Hi @mihalicyn, how's your vacation? It's been ten days since we exchanged messages last time. I'm wondering when it's a suitable time for you to help me to debug on the hardware node? Thanks.
Hi @Aatrox00, I've returned from vacation :) All fine.
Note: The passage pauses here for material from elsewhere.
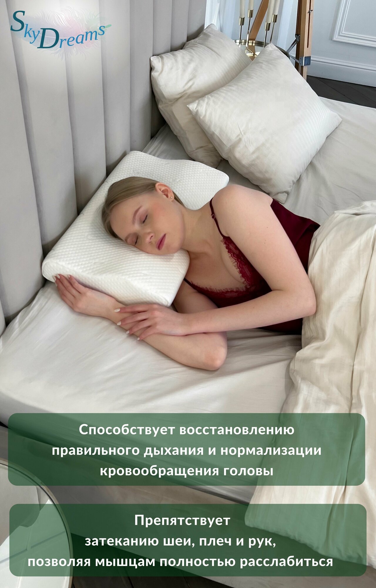 SkyDreams Ортопедическая подушка с поддержкой шеи и плеч, с эффектом памяти, высота 10,5/6,5 см

Sure, I'm ready to take a look. We can contact in our Gitter https://gitter.im/save-restore/CRIU or Google Hangouts, email and so on. My e-mail is [email protected] (google hangouts has the same address).
Thanks to @Aatrox00 for providing a working node.
I've managed to reproduce the issue and it looks like our MIPS support is don't work at all for loongson 3A4000 processors.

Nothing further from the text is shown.